Da togliere, nel tempo attuale, vi sono poche certezze e pochi fenomeni perniciosi come l’identità. In primo luogo per la falsità del costrutto, che non ha corrispettivi né giustificazioni nella effettiva costruzione del comportamento e dell’esperienza di noi umani. Non ne ha nella storia individuale, in quanto la nostra vita è possibile grazie al suo divenire: basterebbe bloccare per poco tempo il continuo flusso del respiro, del metabolismo, del ricambio, per trasformarsi in altre sostanze che sarebbero comunque un divenire e non un essere. È perché diveniamo che siamo vivi nella forma attuale. Non ne ha nella storia evolutiva sulla Terra e nel cosmo dove il tratto distintivo di quel che consente di distinguere la vita dalla non vita è proprio il contrario del ritorno dell’identico.
Allora dove e come esiste l’identità? Nelle nostre menti alla disperata ricerca di una fissazione del divenire, confondendo concrezioni provvisorie e precarie per loro stessa natura in reificazioni stabili che stabili non sono, ma solo simulacri in nome dei quali assestare uno scafandro protettivo intorno all’evanescente invenzione dell’io.
Gli artisti ci arrivano sempre prima e non serve altro che il silenzio di fronte a un’opera di Francis Bacon, per sentire come si sgretolano le aporie dell’identità.
Così come si disarticolano, similmente al Libro dell’inquietudine di Fernando Pessoa, le pretese fissiste della coincidenza con sé stessi nelle superfici specchianti di Michelangelo Pistoletto.
L’ossessione per l’autentico produce mostri e finisce per ottenere esiti autistici. Se sostenuti collettivamente quegli esiti si sono fatti nel tempo, e si fanno oggi, totalitari. Mentre plaudiamo giulivi alla sicurezza della società del controllo, non ci accorgiamo che siamo diventati sicuri da morire.
Togliere l’identità vuol dire lavorare per un rimescolamento profondo delle configurazioni tuttora dominanti con cui leggiamo noi stessi. Quelle configurazioni sono basate su rassicuranti dualismi e linguaggi definitori come vivo-morto, sano-malato, caldo- freddo, dentro-fuori, maschio-femmina, uno-molti, natura-cultura, catturando anche i tentativi emergenti di inedite metamorfosi e le possibili ibridazioni, e riportandoli alla trama sottostante e calcificata di vecchie strutture normative e imperative.

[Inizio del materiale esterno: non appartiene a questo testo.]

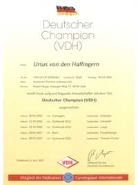Auf der internationalen Rassehunde-Ausstellung in Kassel 2006 bewertete Herr Schneider Ursus mit V1 und er erhielt den Tagestitel BOB. Er erhielt die Anwartschaften CAC, VDH und CACIB.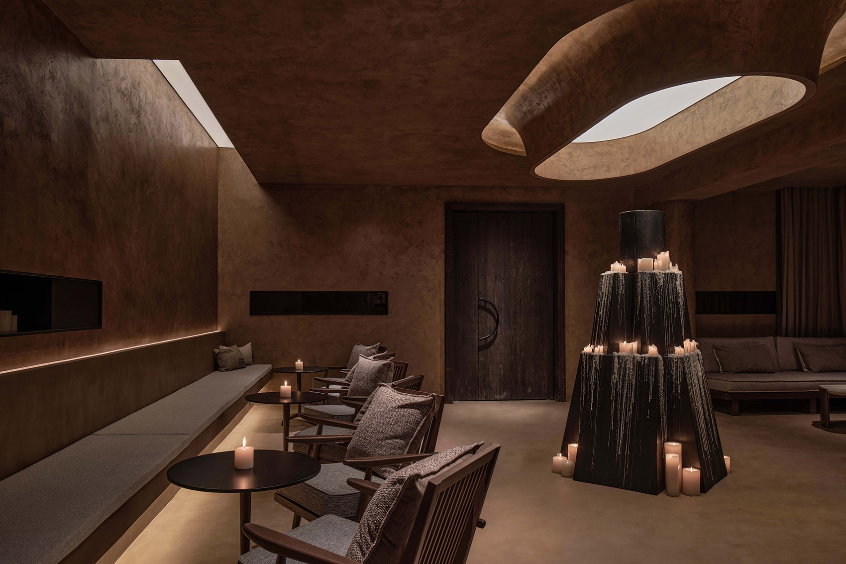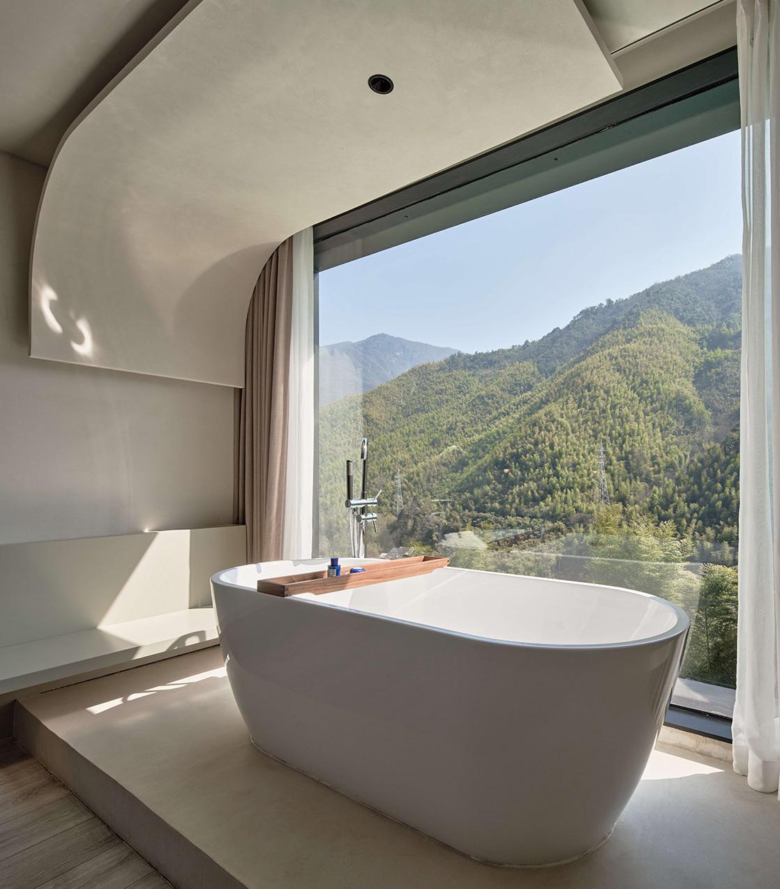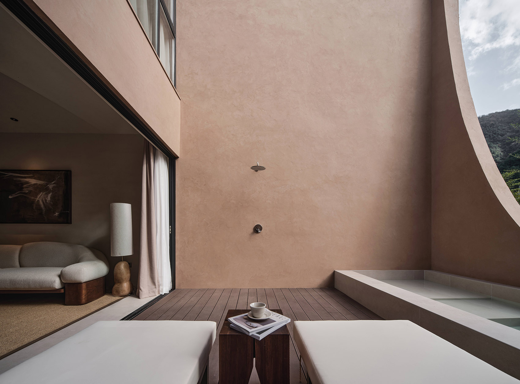 山顶的客房「需」楼,拥有更加私密且独立的景观、巨大的”U“字造型墙体将外界自然环境半包围式地纳入进整个客房空间,形成浑然一体的背景,在框住半边蓝天白云和植物的同时也将周边的其余事物都隔绝开来,更为私密的将这天地短暂地占为己有。

Gli effetti visibili di questi orientamenti dominanti sono una civiltà ecocida; gli essenzialismi che negano la performatività di genere; i privilegi e le disuguaglianze colonialiste a livello geopolitico. Tutto in nome dell’identità. Non sono pochi coloro che hanno avvertito, accanto agli artisti, l’urgenza di togliere l’identità e le sue tragiche conseguenze. Sono prospettive di critica dei dualismi ontologici, delle grandi partizioni, delle linee di dominazione biopolitiche (Merleau-Ponty, Foucault, Derrida, Latour, Butler), non solo attraverso un’analisi genealogica delle forze che hanno sostenuto e ancora sostengono tali configurazioni, ma anche in vista di un loro possibile riassemblaggio o rimescolamento epocale.Quel contromovimento si è evoluto e ha messo in discussione lo stesso principio di individuazione, evidenziando il divenire che ci rende umani, oltre che l’invenzione dell’individuo moderno inteso come indivisibile, univoco, stabile. Togliere l’identità con un inedito bricolage delle appartenenze, comprese le mutazioni tecnologiche e le urgenze climatiche che invitano a ripensarci tra l’umano e il non umano, disvelando ancora una volta l’inconsistenza del pensiero binario e dualista (Descola, Haraway, Stengers, Morton, Chakrabarty, Remotti), può essere possibile mentre noi umani ci affacciamo sulla soglia del baratro della nostra autodistruzione. In queste condizioni difendere l’identità assume risvolti tragicomici.